----- Exercise input -----
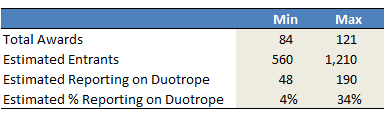 I estimate that between 4 and 34% of the Writers of the Future Contest submissions are included in the Duotrope database. This estimate implies that the number of submissions in 1Q12 ranges from 403 to 3,481. That said, based on the historical data I provided above, it still likely fits into the more narrow range of 560 to 1,210.
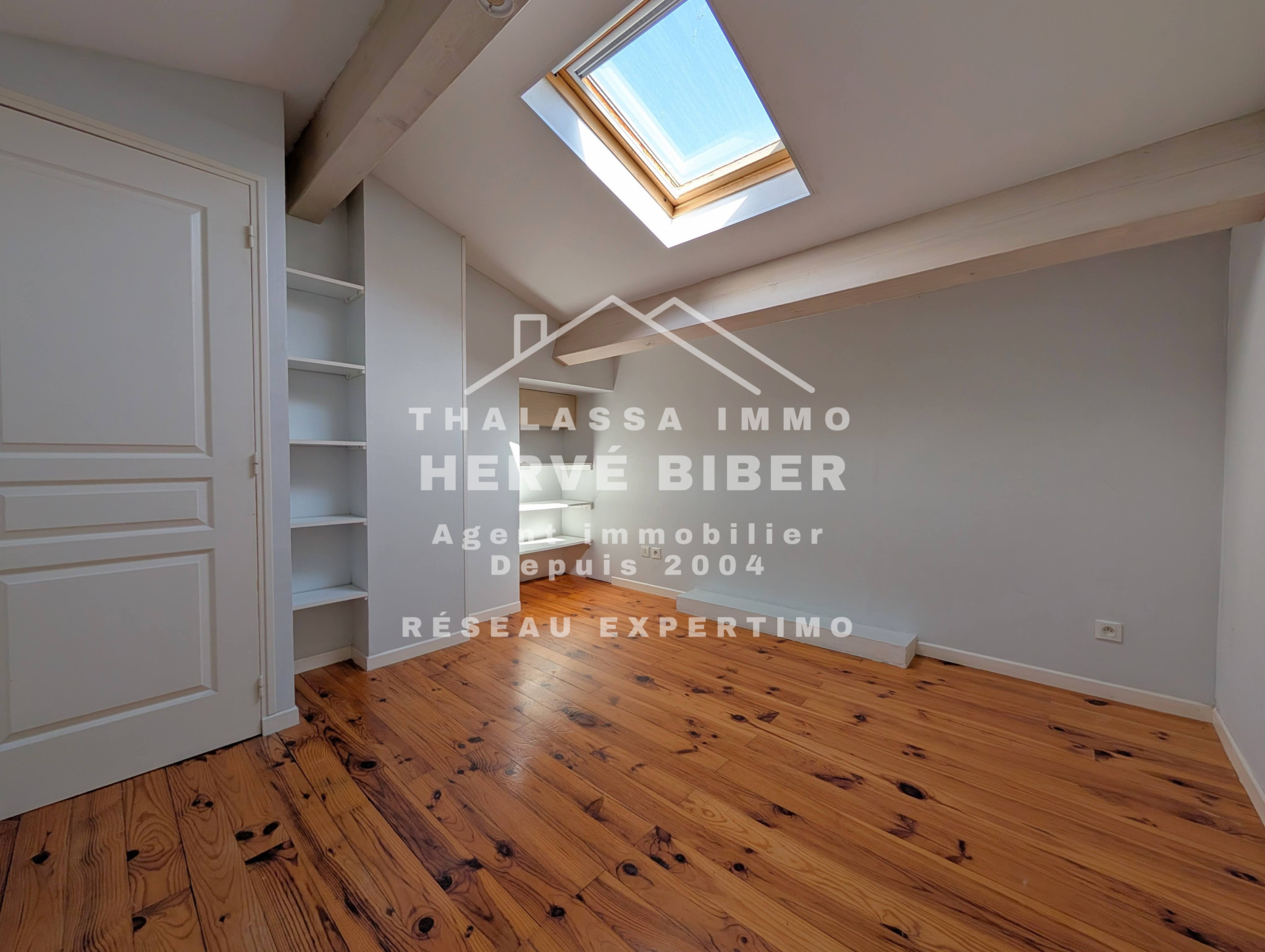 L’appartement comprend également une cuisine aménagée, deux chambres mansardées pleines de charme, ainsi qu’une cave.
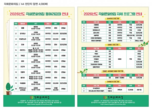 26년도 동아리활동 및 프로그램 안내 페이지 정보 작성자 정관용 작성일26-01-16 17:02 조회477회 댓글0건 이전글 다음글 목록 본문 26년도 동아리 전체 활동 안내 및 프로그램 안내합니다. 이전글 다음글 목록
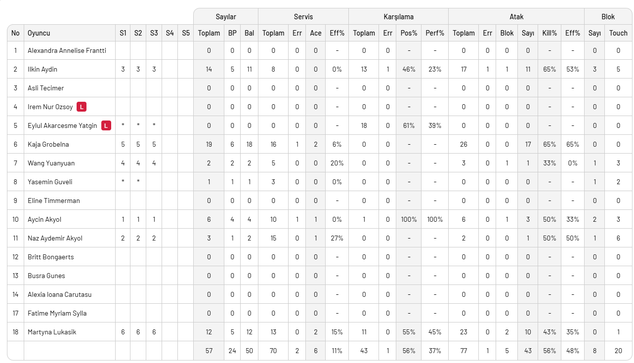 3-0'lık galibiyetle 3 puan kazanan Galatasaray, karşılaşmada 8 blok, 43 hücum ve 6 servis sayı ile rakibinin 18 direkt hatasından aldığı sayıyla galip geldi. Sarı kırmızılılarda Gorblena 19, İlkin 14 sayıyla çift haneli sayılara ulaştı.
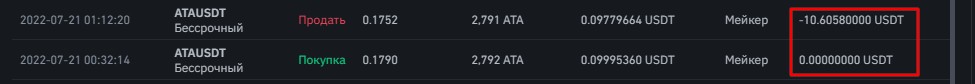 ATAUSDT, эта сделка минусовая и сработала она не по стопу, а закрыл я её гораздо ниже на сайте Бинанса. Непонятно мне по какой причине не сработал стоп-лосс, он просто исчез из стакана, когда цена его достигла и двинулась еще ниже. Получился убыток больше чем мог быть. Может быть у кого-нибудь было что-то подобное, подскажите почему если знаете возможную причину.
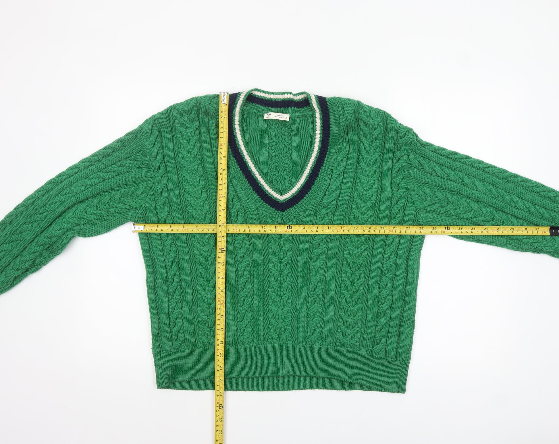 Add a touch of preppy sophistication to your wardrobe with this Pull & Bear women's green cable knit jumper. Crafted from 100% cotton, this lightweight knit offers exceptional comfort and breathability, perfect for layering during the cooler autumn and winter months. The striking V-neckline is accentuated by contrasting navy and white trim, giving the jumper a sporty, collegiate feel that flatters a wide range of casual looks. Finished with long sleeves and ribbed cuffs and hem for an elegant fit, this jumper makes a timeless addition to your knitwear collection. The vibrant green shade adds a refreshing pop of colour to any outfit, while the classic cable-knit pattern enhances its texture and style. Ideal for everyday wear, whether dressed up with a crisp shirt underneath for a business-casual look or paired with jeans and boots for effortless weekend styling. Pull & Bear is known for its youthful, on-trend designs that combine quality fabrics with relaxed modern details, and this jumper perfectly represents that philosophy. In excellent pre-loved condition with no visible flaws, it's ready to become a staple piece you’ll reach for throughout the season. With its regular fit and machine-washable cotton composition, this jumper offers a balance of practicality, comfort, and timeless style that makes it ideal for everyday wear, travel, or casual outings.
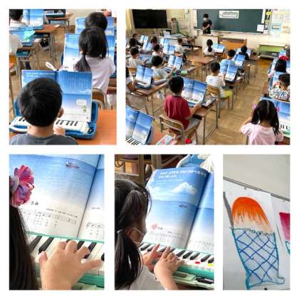 1年生は、音楽の時間に「鍵盤ハーモニカ」の練習をしました。黒板に鍵盤の掲示物を貼り付けて、どの鍵盤がどの音を表すかを確かめます。とても上手に音を鳴らしていました。たくさんの曲を弾けるようになって欲しいです。
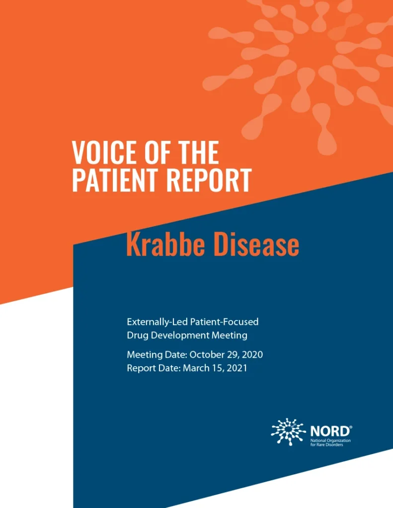 The National Organization on Rare Disorders, “Voice of the Patient Report: Krabbe disease.” 16 March 2021. This white paper covers the content voiced at the Externally Led-Patient Focused Drug Development meeting held on October 29th, 2020 with the Food and Drug Administration; a KrabbeConnect Initiative.
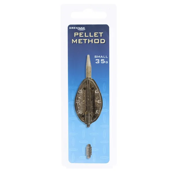 Koszyki Drennan Pellet Method Feeders zostały zaprojektowane i dopracowane z udziałem pięciokrotnego Mistrza Świata Alana Scotthorne na przestrzeni ponad dwóch lat. Koszyki te są łatwe w napełnianiu zanętą i jej dociskaniu bez użycia foremki, gdyż kciuk dobrze dopasowuje się do jego kształtu. Produkt posiada zaokrąglone ścianki i wewnętrzne zęby, aby bezpiecznie utrzymać pellet, czy mieloną zanętę. Otwarte końce koszyka pozwalają na wypłukanie zanęty dokładnie w miejscu nęcenia. Koszyki Pellet Method Feeder posiadają obciążenie z przodu, aerodynamiczny kształt dla zwiększenia dystansu i dokładności wyrzutu. Zastosowany schodkowy, żebrowy ciężarek u podstawy zapewnia dodatkową przyczepność do podłoża podczas połowu blisko wysp, czy płycizn przeciwległego brzegu. Perfekcyjnie ergonomiczny koszyk, który pomaga złowić rybę.
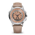 A combination of two emblematic Patek Philippe complications, this self-winding flyback chronograph World Time model in steel is distinguished by its sporty, vintage style. The opaline rose-gilt dial features a carbon-patterned center adding a modern, dynamic touch. The World Time function displays the time in 24 time zones simultaneously and whenever required.
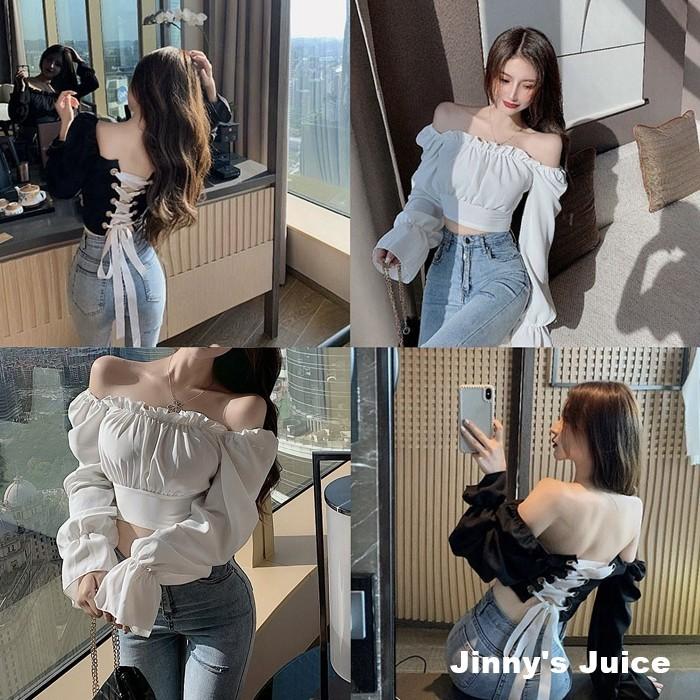 現貨 法式一字領綁帶上衣 一字領上衣 綁帶上衣 美背上衣 木耳邊上衣 緞帶上衣 短版上衣 性感上衣 露肩上衣 露背上衣
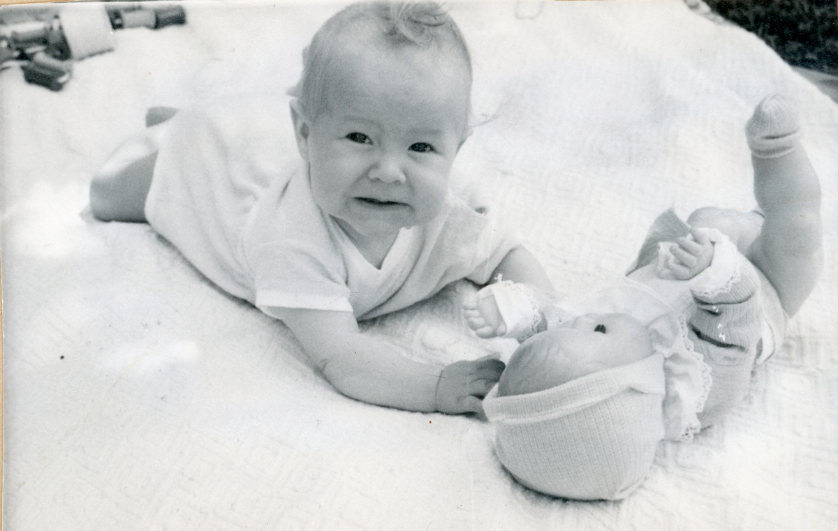 Fotografi på Karin liggandes på magen på en filt med en docka framför sig.
-----
» **Work instructions**: Reproduce every line of the material precisely, omitting its pictures.

» **Answer area**:
 I estimate that between 4 and 34% of the Writers of the Future Contest submissions are included in the Duotrope database. This estimate implies that the number of submissions in 1Q12 ranges from 403 to 3,481. That said, based on the historical data I provided above, it still likely fits into the more narrow range of 560 to 1,210.
 L’appartement comprend également une cuisine aménagée, deux chambres mansardées pleines de charme, ainsi qu’une cave.
 26년도 동아리활동 및 프로그램 안내 페이지 정보 작성자 정관용 작성일26-01-16 17:02 조회477회 댓글0건 이전글 다음글 목록 본문 26년도 동아리 전체 활동 안내 및 프로그램 안내합니다. 이전글 다음글 목록
 3-0'lık galibiyetle 3 puan kazanan Galatasaray, karşılaşmada 8 blok, 43 hücum ve 6 servis sayı ile rakibinin 18 direkt hatasından aldığı sayıyla galip geldi. Sarı kırmızılılarda Gorblena 19, İlkin 14 sayıyla çift haneli sayılara ulaştı.
 ATAUSDT, эта сделка минусовая и сработала она не по стопу, а закрыл я её гораздо ниже на сайте Бинанса. Непонятно мне по какой причине не сработал стоп-лосс, он просто исчез из стакана, когда цена его достигла и двинулась еще ниже. Получился убыток больше чем мог быть. Может быть у кого-нибудь было что-то подобное, подскажите почему если знаете возможную причину.
 Add a touch of preppy sophistication to your wardrobe with this Pull & Bear women's green cable knit jumper. Crafted from 100% cotton, this lightweight knit offers exceptional comfort and breathability, perfect for layering during the cooler autumn and winter months. The striking V-neckline is accentuated by contrasting navy and white trim, giving the jumper a sporty, collegiate feel that flatters a wide range of casual looks. Finished with long sleeves and ribbed cuffs and hem for an elegant fit, this jumper makes a timeless addition to your knitwear collection. The vibrant green shade adds a refreshing pop of colour to any outfit, while the classic cable-knit pattern enhances its texture and style. Ideal for everyday wear, whether dressed up with a crisp shirt underneath for a business-casual look or paired with jeans and boots for effortless weekend styling. Pull & Bear is known for its youthful, on-trend designs that combine quality fabrics with relaxed modern details, and this jumper perfectly represents that philosophy. In excellent pre-loved condition with no visible flaws, it's ready to become a staple piece you’ll reach for throughout the season. With its regular fit and machine-washable cotton composition, this jumper offers a balance of practicality, comfort, and timeless style that makes it ideal for everyday wear, travel, or casual outings.
 1年生は、音楽の時間に「鍵盤ハーモニカ」の練習をしました。黒板に鍵盤の掲示物を貼り付けて、どの鍵盤がどの音を表すかを確かめます。とても上手に音を鳴らしていました。たくさんの曲を弾けるようになって欲しいです。
 The National Organization on Rare Disorders, “Voice of the Patient Report: Krabbe disease.” 16 March 2021. This white paper covers the content voiced at the Externally Led-Patient Focused Drug Development meeting held on October 29th, 2020 with the Food and Drug Administration; a KrabbeConnect Initiative.
 Koszyki Drennan Pellet Method Feeders zostały zaprojektowane i dopracowane z udziałem pięciokrotnego Mistrza Świata Alana Scotthorne na przestrzeni ponad dwóch lat. Koszyki te są łatwe w napełnianiu zanętą i jej dociskaniu bez użycia foremki, gdyż kciuk dobrze dopasowuje się do jego kształtu. Produkt posiada zaokrąglone ścianki i wewnętrzne zęby, aby bezpiecznie utrzymać pellet, czy mieloną zanętę. Otwarte końce koszyka pozwalają na wypłukanie zanęty dokładnie w miejscu nęcenia. Koszyki Pellet Method Feeder posiadają obciążenie z przodu, aerodynamiczny kształt dla zwiększenia dystansu i dokładności wyrzutu. Zastosowany schodkowy, żebrowy ciężarek u podstawy zapewnia dodatkową przyczepność do podłoża podczas połowu blisko wysp, czy płycizn przeciwległego brzegu. Perfekcyjnie ergonomiczny koszyk, który pomaga złowić rybę.
 A combination of two emblematic Patek Philippe complications, this self-winding flyback chronograph World Time model in steel is distinguished by its sporty, vintage style. The opaline rose-gilt dial features a carbon-patterned center adding a modern, dynamic touch. The World Time function displays the time in 24 time zones simultaneously and whenever required.
 現貨 法式一字領綁帶上衣 一字領上衣 綁帶上衣 美背上衣 木耳邊上衣 緞帶上衣 短版上衣 性感上衣 露肩上衣 露背上衣
 Fotografi på Karin liggandes på magen på en filt med en docka framför sig.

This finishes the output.